┌────────

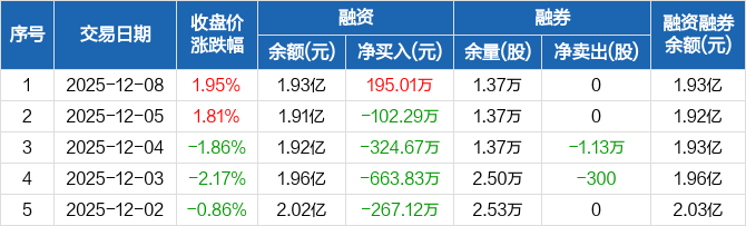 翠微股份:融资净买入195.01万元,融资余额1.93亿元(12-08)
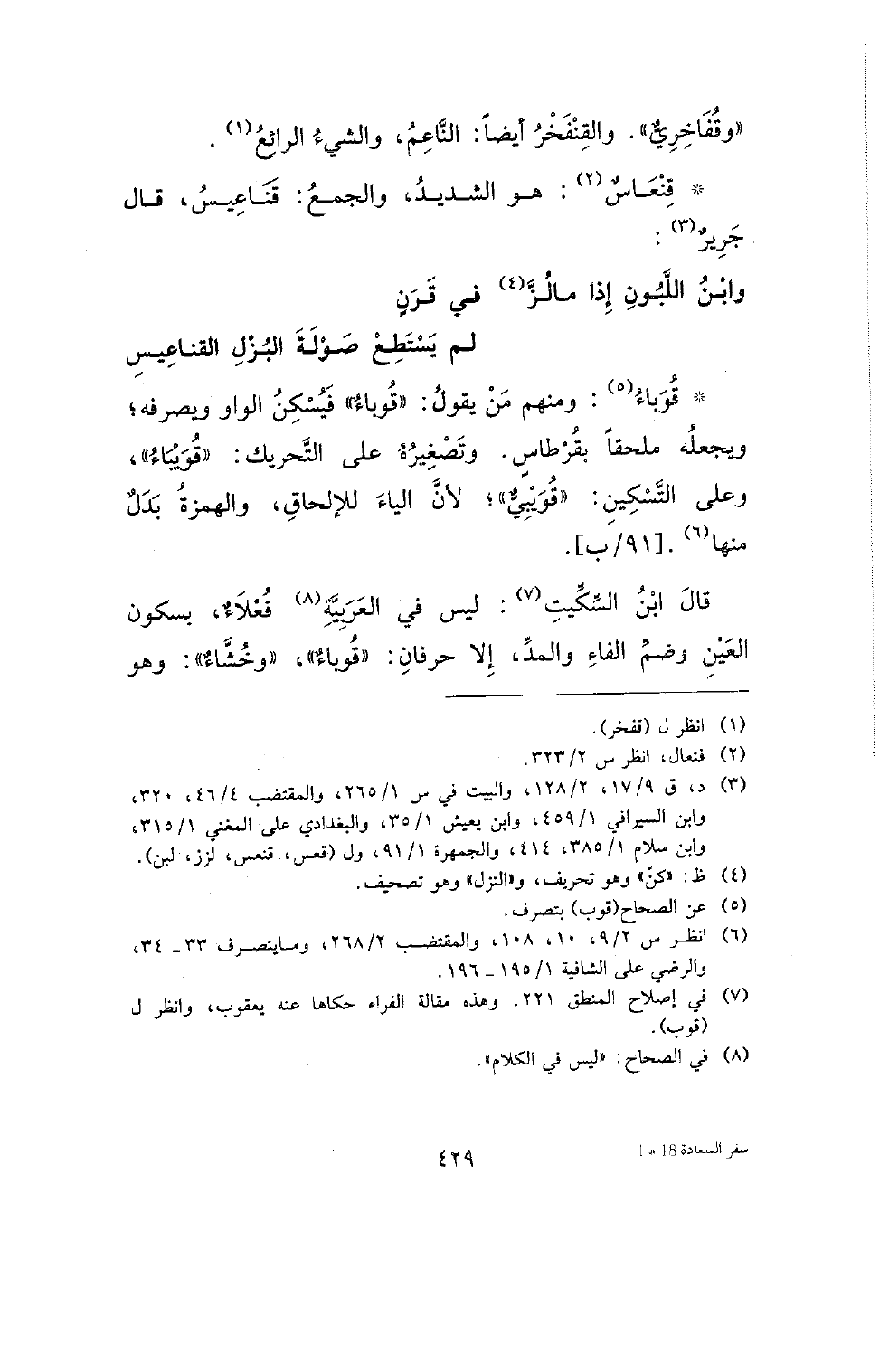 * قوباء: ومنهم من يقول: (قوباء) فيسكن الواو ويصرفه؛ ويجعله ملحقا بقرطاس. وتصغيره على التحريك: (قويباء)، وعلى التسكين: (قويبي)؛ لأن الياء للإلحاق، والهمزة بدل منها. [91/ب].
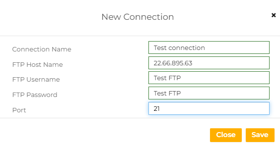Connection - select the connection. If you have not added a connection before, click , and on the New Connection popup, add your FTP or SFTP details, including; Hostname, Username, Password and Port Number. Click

└────────

The whole listing above, word for word: repeat it with the pictures excluded.

 翠微股份:融资净买入195.01万元,融资余额1.93亿元(12-08)
 * قوباء: ومنهم من يقول: (قوباء) فيسكن الواو ويصرفه؛ ويجعله ملحقا بقرطاس. وتصغيره على التحريك: (قويباء)، وعلى التسكين: (قويبي)؛ لأن الياء للإلحاق، والهمزة بدل منها. [91/ب].
Connection - select the connection. If you have not added a connection before, click , and on the New Connection popup, add your FTP or SFTP details, including; Hostname, Username, Password and Port Number. Click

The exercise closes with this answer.